Training Data vs. Testing Data
When scientists train a machine, they are careful to split their examples into two separate groups: Training data — the examples the machine actually learns from. These are the photos, words, or numbers the machine studies during training. Testing data — a set of examples the machine has NEVER seen before, kept hidden until training is finished. When training is done, the testers show the machine the testing data to see how it does. If the machine does well on the testing data — examples it never practiced on — that is real evidence it learned the pattern and did not just memorize the answers.
Training data is what the machine learns from. Testing data is how we find out if it truly learned. Using new examples for the test is the only honest way to check.

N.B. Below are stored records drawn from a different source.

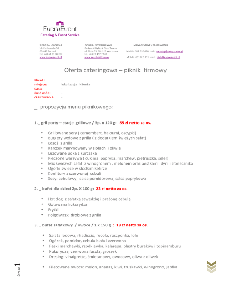 SIEDZIBA GŁÓWNA ODDZIAŁ W WARSZAWIE MANAGEMENT / ZAMÓWIENIA Ul. Piątkowska 80 Budynek Skylight Złote Tarasy 60-‐649 Poznań ul. Złota 59, 00-120 Warszawa Mobile: 517 032 676, mail: catering@every-‐event.pl tel. +48 61 81 78 282 tel. +48 22 457 77 60 www.every-‐event.pl www.eventplatform.pl Mobile: 601 815 791, mail: piotr@every-‐event.pl Oferta cateringowa – piknik firmowy Klient : -‐ miejsce: lokalizacja klienta data: -‐ ilość osób: -‐ czas trwania: -‐ Strona 1 _ propozycja menu piknikowego: 1._ gril party – stacje grillowe / 3p. x 120 g: 55 zł netto za os. • Grillowane sery ( camembert, haloumi, oscypki) • Burgery wołowe z grilla ( z dodatkiem świeżych sałat) • Łosoś z grilla • Karczek marynowany w ziołach i oliwie • Luzowane udka z kurczaka • Pieczone warzywa ( cukinia, papryka, marchew, pietruszka, seler) • Mix świeżych sałat z winogronem , melonem oraz pestkami dyni i słonecznika • Ogórki świeże w słodkim kefirze • Konfitury z czerwonej cebuli • Sosy: cebulowy, salsa pomidorowa, salsa paprykowa 2. _ bufet dla dzieci 2p. X 100 g: 22 zł netto za os. • Hot dog z sałatką szwedzką i prażoną cebulą • Gotowana kukurydza • Frytki • Polędwiczki drobiowe z grilla 3. _ bufet sałatkowy / owoce / 1 x 150 g : 18 zł netto za os. • Sałata lodowa, rhadiccio, rucola, roszponka, lolo • Ogórek, pomidor, cebula biała i czerwona • Paski marchewki, rzodkiewka, kalarepa, plastry buraków i topinamburu • Kukurydza, czerwona fasola, groszek • Dresing: vinaigrette, śmietanowy, owocowy, oliwa z oliwek • Filetowane owoce: melon, ananas, kiwi, truskawki, winogrono, jabłka 4._ słodkie przekąski typu fingerfood 2 x 100 g : 12 zł netto za os. • Wykwintne muffiny czekoladowe z wiśniami • Krążki drożdżowe z jabłkami i cynamonem • Ciasto marchewkowe z dodatkiem chilli • Ciastka owsiane i imbirowe 5._bufet z napojami: 20 zł netto za os. • Lemoniada z naturalnych składników 0,2 l / os • Smoothie truskawkowe i brzoskwiniowe 0,3 l / os • Kawa wg zapotrzebowania -‐ warnik + kawa mielona + kawa rozpuszczalna • Herbata wg zapotrzebowania – warnik + herbaty smakowe – 3 rodzaje • Śmietanki, mleko, cytryna, cukier wg zapotrzebowania (bufet) • Woda mineralna 0,4 l / os • Soki naturalne 0,4 l / os. 6. Zakres usługi w cenie • • • • • • • • transport asortyment wg powyższego menu stoły bufetowe oraz stanowiska grillowe pod namiotami lekkimi profesjonalny sprzęt gastronomiczny zastawa jednorazowego użytku obsługa kelnerska / serwis porządkowy obsługa kucharska obsługa techniczna Strona 2 6._ Opcjonalne ( ceny netto) • Stoły piknikowe z ławami i obrusem z obrusem: 50 zł netto / komplet • Namiot plenerowy: od 30 zł / m 2 • Piwo z beczki: 6 zł / 0, 5 l • Lody tradycyjne: 3,5 zł / porcja ©Wszelkie prawa zastrzeżone Strona 3 _______________________________________________________________________ SIEDZIBA GŁÓWNA ODDZIAŁ W WARSZAWIE MANAGEMENT / ZAMÓWIENIA Ul. Piątkowska 80 Budynek Skylight Złote Tarasy 60-‐649 Poznań ul. Złota 59, 00-120 Warszawa Mobile: 517 032 676, mail: catering@every-‐event.pl tel. +48 61 81 78 282 tel. +48 22 457 77 60 www.every-‐event.pl www.eventplatform.pl Mobile: 601 815 791, mail: piotr@every-‐event.pl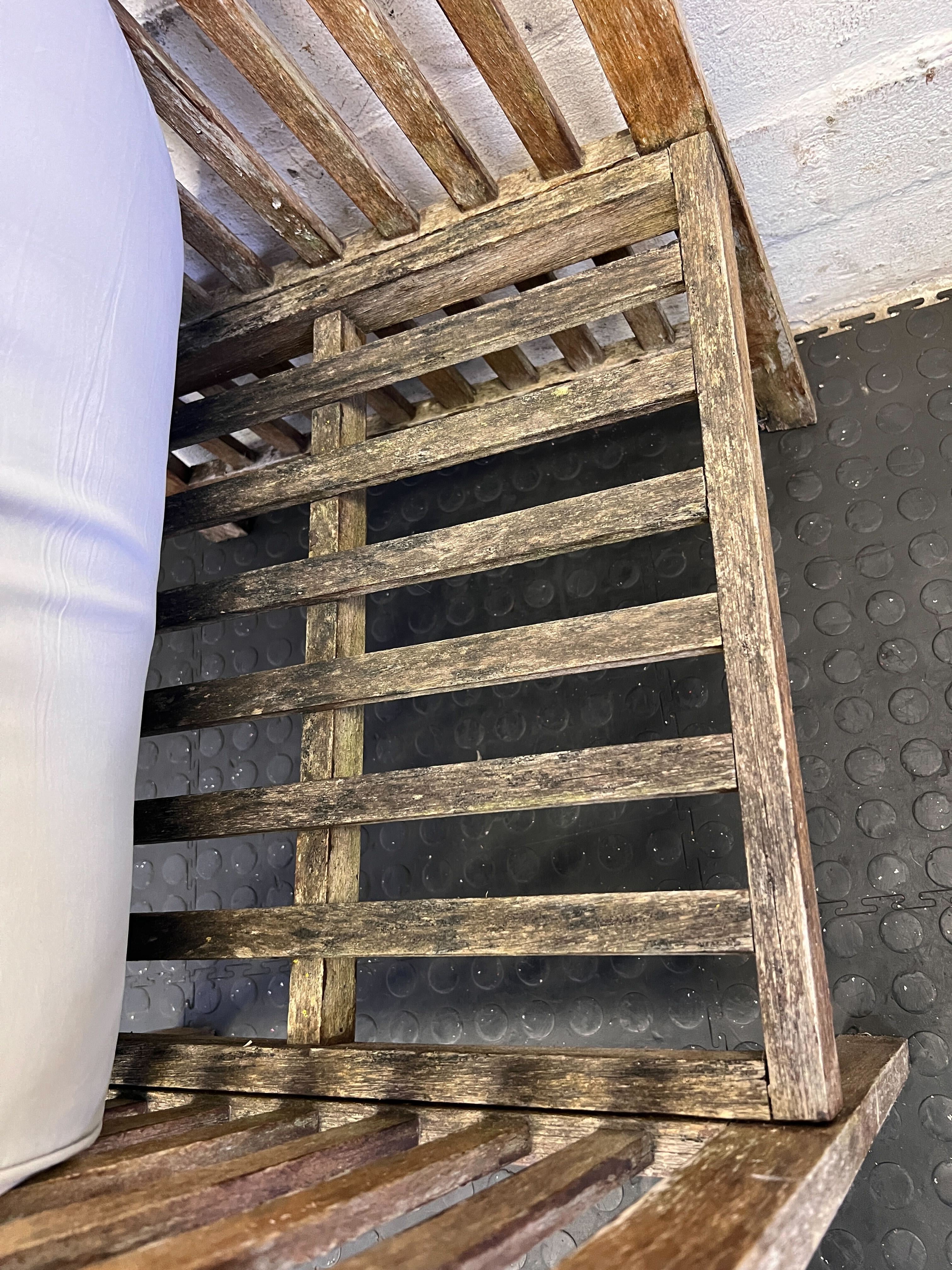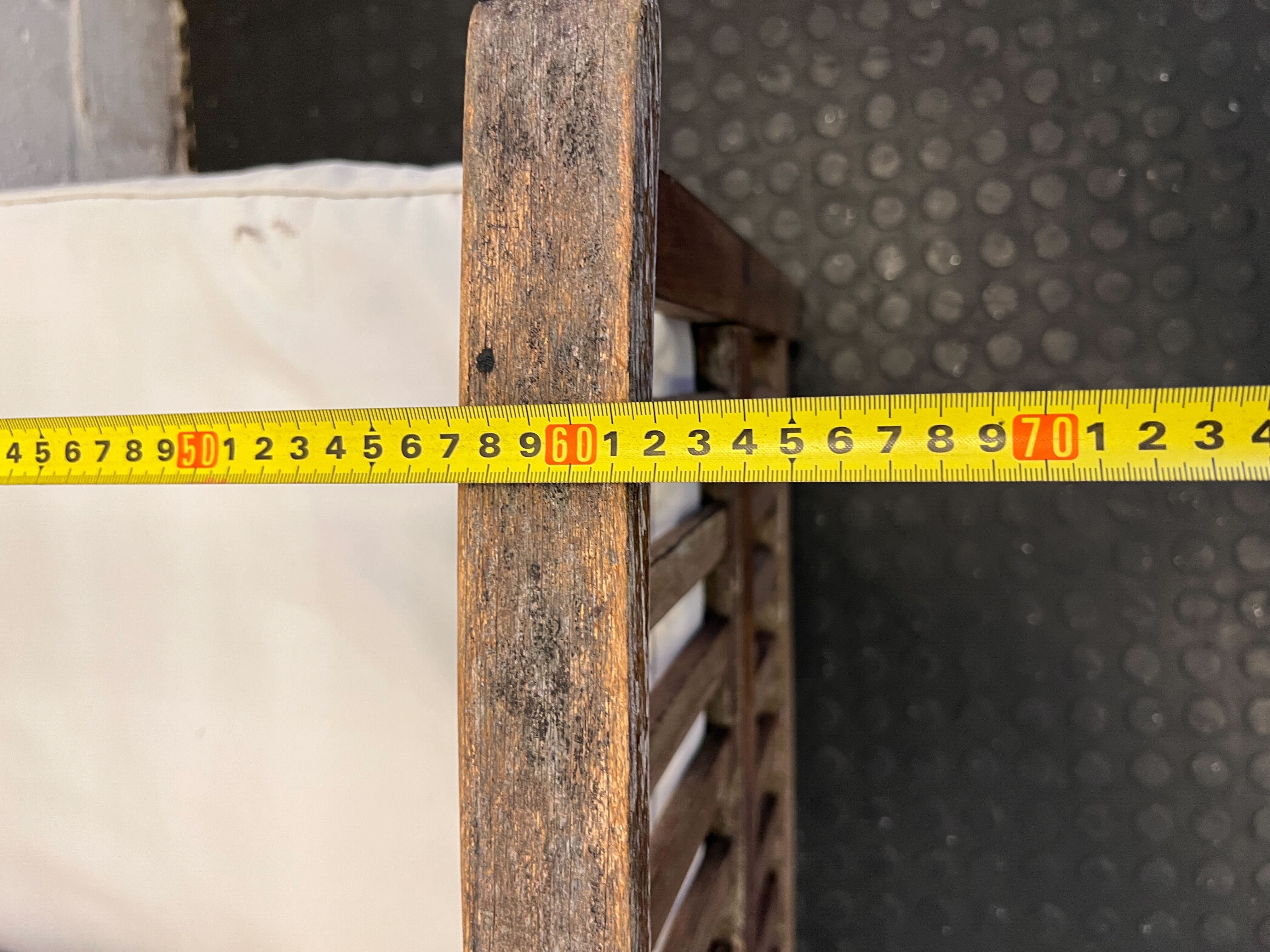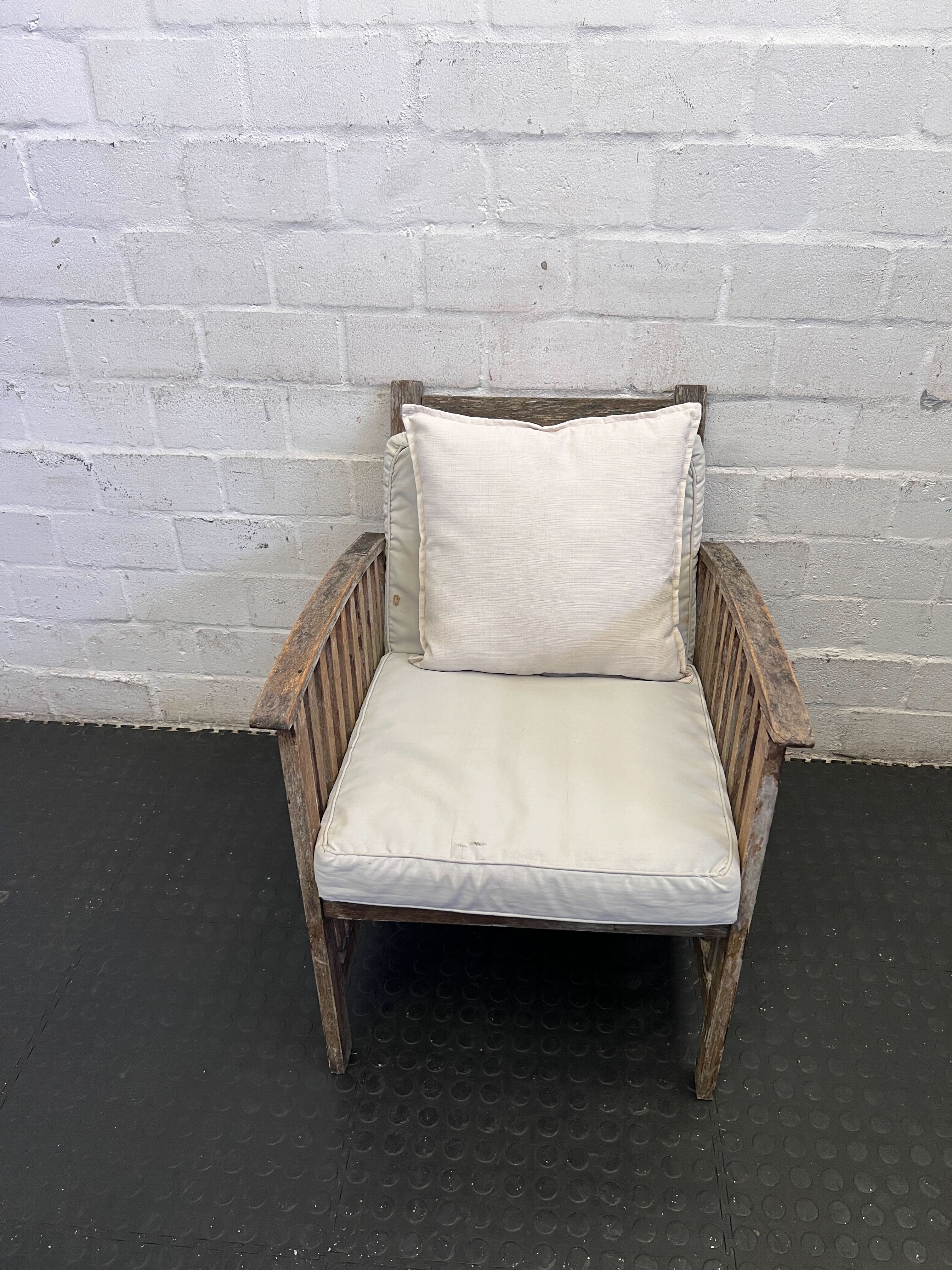 Add a touch of timeless elegance and comfort to your space with this lovely rustic wooden armchair. Perfect for a cozy reading nook, a sunny patio corner, or as a charming addition to your living room, it brings a warm, inviting feel wherever it's placed. The sturdy wooden frame is complemented by plush, cream-colored cushions, offering a delightful spot to relax. Imagine sipping your morning coffee or unwinding after a long day in this inviting seat! ✨🛋️ This armchair is pre-loved and shows signs of its journey, which only adds to its character. The wooden frame has a beautifully weathered appearance with some natural wear, scratches, and fading consistent with age and use, enhancing its rustic charm. The cream cushions are in good overall condition but show some minor marks and slight discoloration from previous use, as visible in the images. Despite these cosmetic imperfections, the chair is structurally sound and ready to offer comfort for years to come.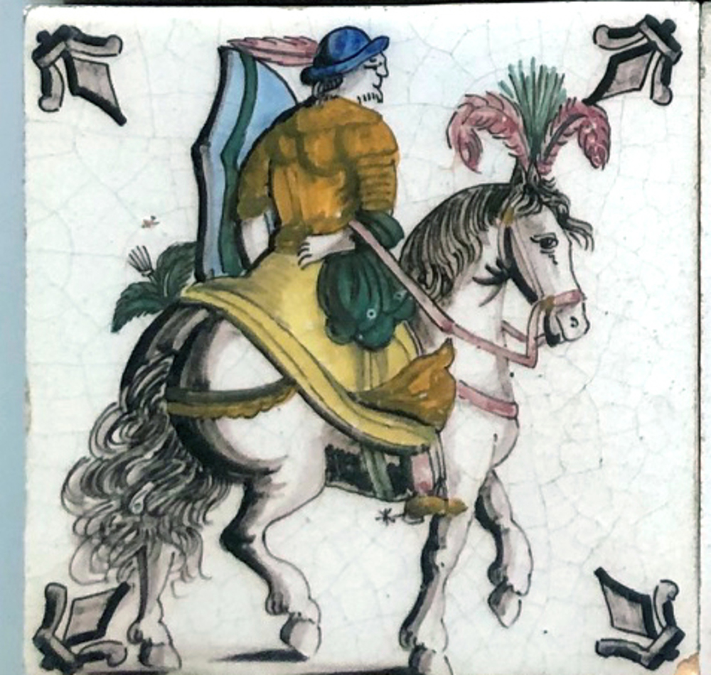 tegel van keramiek met tinglazuur, voorstellende: ru...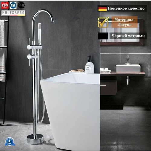 Купить Напольный смеситель для ванны HOLFSBERG F-12. Смеситель для отдельно стоящей ванной с доставкой по всей России.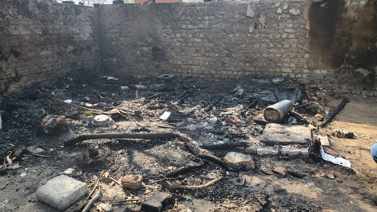 आग से झुग्गी में रखा सिलेंडर भी फटा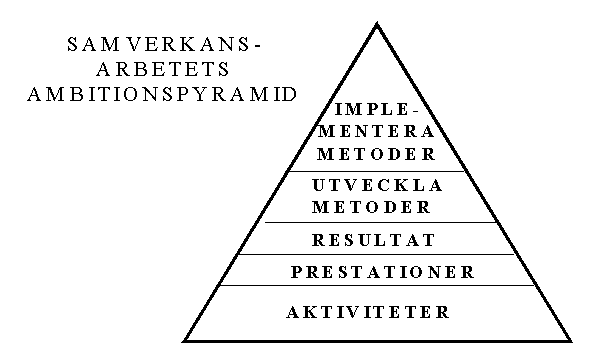Jag tror nämligen att en ännu högre satt ambitionsnivå i ett samverkansarbete är att utveckla metoder, dvs. att hitta konkreta arbetsformer och arbetsmetoder med vars hjälp man kan lösa problem. På detta sätt blir metodutveckling ett redskap för att i större skala, utanför det konkreta samverkansprojektet, komma vidare i samverkansprocessen.
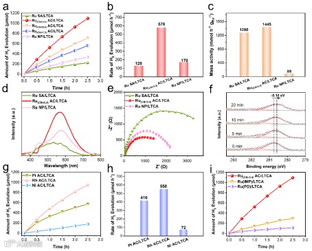 在可见光下的光催化产氢测试表明,相对于Ru单原子和纳米颗粒,Ru原子团簇助催化剂展现出更优的产氢活性。其中,Ru(CN=3.4) AC具有最优的光催化活性(578 μmol h-1),优于已报道的大部分催化剂。原位XPS测试证实了富电子Ru位点促进了光催化产氢活性,Pt/Rh/Ni AC也展现出优异的光催化产氢性能。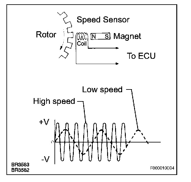 Since the frequency of this AC voltage changes in direct proportion to the speed of the rotor, the frequency is used by the ECU to detect the speed of each wheel.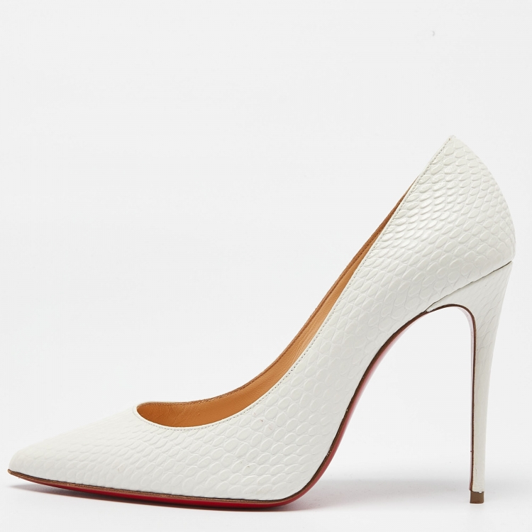 Christian Louboutin White Python Effect Leather Kate 100 Pointed Toe Pumps Size 37

Here is how this works in real life. A team of scientists trains a machine to recognize different types of clouds — fluffy cumulus clouds, wispy cirrus clouds, flat stratus clouds. For training, they use 1,000 cloud photos. But they hold back 200 photos and never show those to the machine during training. Those 200 become the test. After training, they show the machine the 200 hidden photos. The machine guesses the type for each one. The scientists count up how many it gets right. If the machine scores 95 out of 100 on the hidden photos — great! Its model works well on new clouds it has never seen. If it only scores 50 out of 100 — hmm. Back to training. Maybe more examples, or better-labeled ones. This is called evaluating the model. Evaluate means to judge how well something works.
Flashcards — click each card to reveal the answer
There is a sneaky mistake called overfitting. It happens when the machine does extremely well on the training examples — almost perfectly — but does badly on the testing examples. Overfitting means the machine memorized the specific training examples instead of truly learning the pattern. It is like a student who memorizes "c-a-t spells cat" but cannot spell any other three-letter word. Scientists watch out for overfitting by always checking both: how well the machine does on training data AND how well it does on fresh testing data.
The testing examples must stay hidden until training is completely done. If you accidentally show the machine its test examples during training, the test becomes meaningless — just like peeking at a quiz before you take it.
Why do scientists keep testing data hidden during training?
A machine scores 99% on training data but only 40% on testing data. What is likely happening?
Give Your Own Spelling Test
- Ask a family member or friend to teach you five words you have NEVER seen before — really unusual or made-up words are fine!
- Listen carefully but do NOT write them down.
- Now have them teach you five more words AND write those down.
- After ten minutes of doing something else, take a spelling test on ALL ten words.
- Which words did you do better on — the written ones or the listened-only ones?
- Talk about it: which group of words was more like 'training data' and which was more like 'testing data'?